WHAT TO DO -> Should the word "could" occur in a line of the records, copy that line.

RECORDS FOR THE TASK ->
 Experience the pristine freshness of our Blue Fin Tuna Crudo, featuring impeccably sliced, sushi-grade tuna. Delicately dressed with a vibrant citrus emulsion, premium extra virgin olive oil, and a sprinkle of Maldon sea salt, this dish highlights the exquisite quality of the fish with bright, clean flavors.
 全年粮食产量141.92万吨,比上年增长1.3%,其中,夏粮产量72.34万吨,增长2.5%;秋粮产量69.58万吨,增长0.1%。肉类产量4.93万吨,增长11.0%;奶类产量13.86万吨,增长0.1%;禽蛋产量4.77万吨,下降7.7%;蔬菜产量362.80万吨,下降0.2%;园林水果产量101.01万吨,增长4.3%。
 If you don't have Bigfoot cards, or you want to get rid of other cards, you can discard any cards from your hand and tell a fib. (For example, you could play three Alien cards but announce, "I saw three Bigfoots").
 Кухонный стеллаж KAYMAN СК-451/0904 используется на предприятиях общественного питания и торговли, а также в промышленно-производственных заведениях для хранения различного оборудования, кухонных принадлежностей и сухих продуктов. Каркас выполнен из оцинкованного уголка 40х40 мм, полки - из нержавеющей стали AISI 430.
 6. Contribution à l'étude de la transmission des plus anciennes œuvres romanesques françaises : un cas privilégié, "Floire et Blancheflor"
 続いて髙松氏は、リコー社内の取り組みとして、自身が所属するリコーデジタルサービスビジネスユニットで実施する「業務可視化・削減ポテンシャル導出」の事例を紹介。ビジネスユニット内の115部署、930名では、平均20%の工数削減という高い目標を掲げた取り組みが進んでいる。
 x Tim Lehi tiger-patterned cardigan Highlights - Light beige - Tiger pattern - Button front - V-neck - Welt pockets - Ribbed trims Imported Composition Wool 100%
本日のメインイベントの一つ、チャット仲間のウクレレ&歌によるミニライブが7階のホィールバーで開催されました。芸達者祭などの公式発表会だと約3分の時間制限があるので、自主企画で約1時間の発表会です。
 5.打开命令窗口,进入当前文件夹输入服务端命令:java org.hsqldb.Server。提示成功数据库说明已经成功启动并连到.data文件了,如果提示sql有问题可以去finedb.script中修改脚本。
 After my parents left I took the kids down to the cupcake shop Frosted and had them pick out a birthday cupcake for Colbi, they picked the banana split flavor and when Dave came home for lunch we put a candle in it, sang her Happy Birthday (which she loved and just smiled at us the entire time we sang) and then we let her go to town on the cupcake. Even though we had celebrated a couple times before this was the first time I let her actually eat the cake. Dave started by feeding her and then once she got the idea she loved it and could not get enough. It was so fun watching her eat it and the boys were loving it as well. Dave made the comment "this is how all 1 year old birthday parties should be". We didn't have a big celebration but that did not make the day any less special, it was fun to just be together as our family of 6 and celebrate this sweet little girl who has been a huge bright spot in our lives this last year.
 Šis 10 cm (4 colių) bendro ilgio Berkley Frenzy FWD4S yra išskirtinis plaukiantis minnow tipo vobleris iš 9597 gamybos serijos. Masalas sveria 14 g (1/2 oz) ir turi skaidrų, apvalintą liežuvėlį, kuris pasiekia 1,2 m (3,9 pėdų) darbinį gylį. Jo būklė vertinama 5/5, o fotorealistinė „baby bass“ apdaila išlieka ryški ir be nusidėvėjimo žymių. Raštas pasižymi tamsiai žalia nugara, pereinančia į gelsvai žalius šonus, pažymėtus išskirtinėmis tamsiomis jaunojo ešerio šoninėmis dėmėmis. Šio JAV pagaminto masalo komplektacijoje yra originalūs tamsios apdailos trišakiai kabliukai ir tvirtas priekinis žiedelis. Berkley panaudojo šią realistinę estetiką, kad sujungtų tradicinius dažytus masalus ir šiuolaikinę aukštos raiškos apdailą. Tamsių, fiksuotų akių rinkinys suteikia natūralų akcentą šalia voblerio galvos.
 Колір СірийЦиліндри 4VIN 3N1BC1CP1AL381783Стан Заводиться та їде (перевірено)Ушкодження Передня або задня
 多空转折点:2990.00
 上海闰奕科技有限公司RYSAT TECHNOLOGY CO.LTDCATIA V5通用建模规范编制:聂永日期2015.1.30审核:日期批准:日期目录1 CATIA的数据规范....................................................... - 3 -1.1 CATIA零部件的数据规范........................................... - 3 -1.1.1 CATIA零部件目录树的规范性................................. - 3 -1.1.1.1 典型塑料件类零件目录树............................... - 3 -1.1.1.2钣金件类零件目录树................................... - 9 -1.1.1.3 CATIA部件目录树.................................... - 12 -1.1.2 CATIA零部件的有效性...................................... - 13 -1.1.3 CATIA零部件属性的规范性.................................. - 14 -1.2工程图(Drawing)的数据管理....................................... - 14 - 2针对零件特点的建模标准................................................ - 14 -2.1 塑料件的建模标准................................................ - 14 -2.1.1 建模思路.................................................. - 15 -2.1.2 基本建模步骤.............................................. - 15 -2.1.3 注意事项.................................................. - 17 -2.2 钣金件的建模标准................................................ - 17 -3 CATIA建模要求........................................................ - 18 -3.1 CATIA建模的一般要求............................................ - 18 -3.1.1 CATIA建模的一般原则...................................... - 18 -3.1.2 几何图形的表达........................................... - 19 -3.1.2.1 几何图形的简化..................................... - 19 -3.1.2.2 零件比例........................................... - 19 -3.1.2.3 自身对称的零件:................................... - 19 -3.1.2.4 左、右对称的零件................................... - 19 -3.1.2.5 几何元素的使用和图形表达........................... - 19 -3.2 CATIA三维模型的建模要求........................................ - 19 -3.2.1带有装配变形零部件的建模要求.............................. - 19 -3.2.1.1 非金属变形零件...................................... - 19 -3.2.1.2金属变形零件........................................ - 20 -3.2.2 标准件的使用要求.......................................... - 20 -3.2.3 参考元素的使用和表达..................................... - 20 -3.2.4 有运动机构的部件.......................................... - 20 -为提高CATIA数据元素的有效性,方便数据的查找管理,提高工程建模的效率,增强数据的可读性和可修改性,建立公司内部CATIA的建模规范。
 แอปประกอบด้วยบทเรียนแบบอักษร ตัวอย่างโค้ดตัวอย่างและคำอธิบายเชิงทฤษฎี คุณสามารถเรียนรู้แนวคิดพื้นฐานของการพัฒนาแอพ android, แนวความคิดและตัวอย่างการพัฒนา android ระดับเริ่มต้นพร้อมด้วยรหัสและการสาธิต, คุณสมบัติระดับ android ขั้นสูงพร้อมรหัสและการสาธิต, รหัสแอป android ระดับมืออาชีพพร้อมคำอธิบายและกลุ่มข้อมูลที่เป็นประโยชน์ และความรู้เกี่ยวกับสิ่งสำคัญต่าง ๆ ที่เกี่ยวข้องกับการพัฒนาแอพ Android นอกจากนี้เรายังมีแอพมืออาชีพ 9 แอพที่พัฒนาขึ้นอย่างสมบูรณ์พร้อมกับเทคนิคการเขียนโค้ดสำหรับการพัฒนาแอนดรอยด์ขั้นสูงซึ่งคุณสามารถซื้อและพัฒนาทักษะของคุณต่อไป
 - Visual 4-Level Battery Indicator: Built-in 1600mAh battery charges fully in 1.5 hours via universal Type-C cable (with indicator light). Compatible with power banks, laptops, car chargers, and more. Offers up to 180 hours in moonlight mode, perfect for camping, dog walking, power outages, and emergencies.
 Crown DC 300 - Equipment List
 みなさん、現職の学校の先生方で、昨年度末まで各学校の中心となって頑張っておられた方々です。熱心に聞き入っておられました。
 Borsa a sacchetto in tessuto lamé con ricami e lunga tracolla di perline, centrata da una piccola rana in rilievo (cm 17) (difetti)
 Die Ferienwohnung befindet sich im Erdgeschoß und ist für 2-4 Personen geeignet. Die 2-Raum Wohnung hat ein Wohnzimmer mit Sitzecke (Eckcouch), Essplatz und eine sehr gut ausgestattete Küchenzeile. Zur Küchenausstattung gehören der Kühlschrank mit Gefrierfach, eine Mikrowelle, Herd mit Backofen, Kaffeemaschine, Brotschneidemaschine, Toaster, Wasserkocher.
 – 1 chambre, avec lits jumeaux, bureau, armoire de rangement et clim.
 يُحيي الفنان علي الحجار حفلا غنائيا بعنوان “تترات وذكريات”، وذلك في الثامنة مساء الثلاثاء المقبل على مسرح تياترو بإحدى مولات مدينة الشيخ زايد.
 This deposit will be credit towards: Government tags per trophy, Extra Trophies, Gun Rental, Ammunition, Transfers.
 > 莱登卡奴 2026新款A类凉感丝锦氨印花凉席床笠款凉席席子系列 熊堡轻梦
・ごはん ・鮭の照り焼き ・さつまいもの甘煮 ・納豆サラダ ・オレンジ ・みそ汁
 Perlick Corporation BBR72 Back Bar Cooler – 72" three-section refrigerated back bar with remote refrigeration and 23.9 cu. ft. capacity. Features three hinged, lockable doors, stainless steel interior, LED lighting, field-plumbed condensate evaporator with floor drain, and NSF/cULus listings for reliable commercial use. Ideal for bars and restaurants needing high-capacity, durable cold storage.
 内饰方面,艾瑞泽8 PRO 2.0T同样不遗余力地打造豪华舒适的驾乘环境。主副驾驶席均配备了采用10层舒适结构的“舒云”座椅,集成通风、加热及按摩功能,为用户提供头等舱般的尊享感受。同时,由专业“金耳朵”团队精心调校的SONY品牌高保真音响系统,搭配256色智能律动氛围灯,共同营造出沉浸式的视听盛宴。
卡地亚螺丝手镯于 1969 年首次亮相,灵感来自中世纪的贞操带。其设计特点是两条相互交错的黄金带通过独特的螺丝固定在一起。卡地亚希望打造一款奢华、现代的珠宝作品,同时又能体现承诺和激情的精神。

RESPONSE TO THE TASK ->
 If you don't have Bigfoot cards, or you want to get rid of other cards, you can discard any cards from your hand and tell a fib. (For example, you could play three Alien cards but announce, "I saw three Bigfoots").
 After my parents left I took the kids down to the cupcake shop Frosted and had them pick out a birthday cupcake for Colbi, they picked the banana split flavor and when Dave came home for lunch we put a candle in it, sang her Happy Birthday (which she loved and just smiled at us the entire time we sang) and then we let her go to town on the cupcake. Even though we had celebrated a couple times before this was the first time I let her actually eat the cake. Dave started by feeding her and then once she got the idea she loved it and could not get enough. It was so fun watching her eat it and the boys were loving it as well. Dave made the comment "this is how all 1 year old birthday parties should be". We didn't have a big celebration but that did not make the day any less special, it was fun to just be together as our family of 6 and celebrate this sweet little girl who has been a huge bright spot in our lives this last year.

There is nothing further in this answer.